There's a more subtle version of this question that the bottleneck framing misses entirely: what if the constraint dissolves not because supply expands, but because demand shrinks? The DeepSeek effect is the clearest evidence. DeepSeek-V3 matched GPT-4 class performance while reducing costs up to 90% compared to traditional training methods. Mixture-of-Experts architectures activate only 5-6% of parameters per query. Model distillation has become a key technique across the industry in 2026 as AI deployment expands to edge devices. If the capability frontier can be reached with less compute per unit of intelligence, then the ASML bottleneck matters less — not because there are more EUV machines, but because each machine's output goes further.

This is the reframe the bottleneck analysis needs most: the denominator is moving, not just the numerator. The recursive resolution may work less by producing more compute and more by requiring less of it.


What This Means

The bottleneck is real and it matters today. As Patel details in his conversation with Dwarkesh, companies that secured long-term TSMC contracts early — NVIDIA being the most prominent — hold a structural advantage that takes years to replicate. The supply chain is genuinely constrained by the number of machines one Dutch company can build per year. Anthropic's delayed commitment to compute contracts, Google's late-stage turbine scramble — these are the consequences of underestimating how physical the AI buildout would become.

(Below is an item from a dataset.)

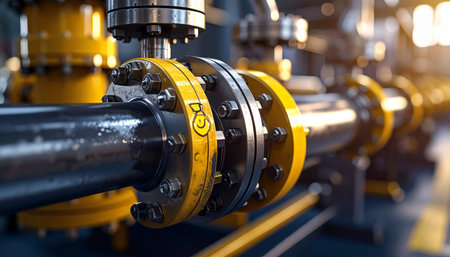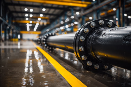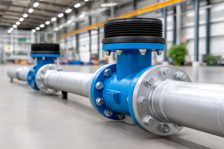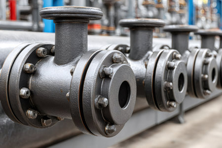 A large industrial pipe with multiple flanges and bolts in a factory setting
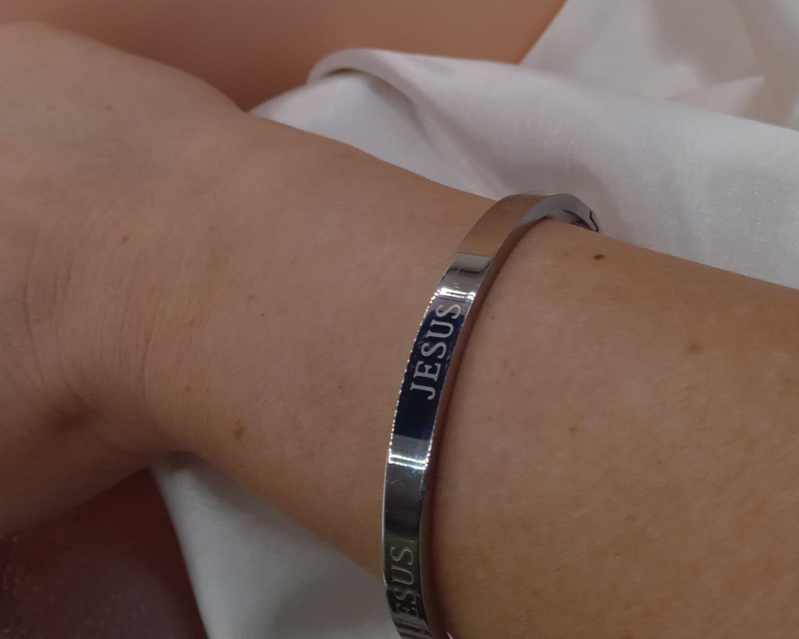 BRACELETE EM BANHO DE RÓDIO BRANCO JESUS

But the framing that treats this as a static constraint misses the recursive nature of the problem. A constraint on an intelligence that can work to dissolve its own constraints is a fundamentally different kind of constraint than one on a passive system.

The five loops operate on different timescales. Chip design (Loop 1) is already producing measurable results in shipping hardware — and now has a $4 billion startup dedicated to accelerating the cycle. AI self-improvement (Loop 4) is running on Vera Rubin hardware already in production. Materials science (Loop 2) is three to five years from changing the substrate — with GaN power stages, photonic interconnects via TSMC-Avicena, and optical computing as the nearest arrivals. Energy (Loop 3) is operating on two tracks: nuclear fission and grid optimization delivering now through 2030, with DOE's PROMETHEUS initiative targeting halved deployment timelines; fusion removing the ultimate ceiling by the early 2030s. Governance (Loop 5) operates on an indeterminate timescale because it's driven by geopolitics, not engineering — and it's the only loop that may fragment the spiral rather than accelerate it.

The ceiling question tempers the exponential narrative. Each loop will flatten. The compound effect will slow. But even S-curves, when stacked and staggered, produce something that looks exponential during the middle phase — and we are, by most measures, still in the middle phase of every loop except chip design.

The most underappreciated dynamic may be the demand side. If algorithmic efficiency keeps improving at its current rate — and DeepSeek's 90% cost reduction suggests it will — the bottleneck that seemed permanent may dissolve not because the funnel widens, but because less needs to flow through it. The ASML number stays at seventy. The number of EUV-patterned chips needed per unit of useful intelligence drops by half. The constraint is the same; its relevance is not.

By the early 2030s, the technical loops should be running at speed — and the compound effects of their interaction are harder to predict than any single loop's trajectory. Whether those loops run in one global system or fragment into competing stacks depends on the governance loop, which no amount of technical recursion can resolve.

The recursive resolution isn't a prediction. It's a description of what's already happening — unevenly, with real ceilings, across a fractured geopolitical landscape. The question is not only how fast, but for whom.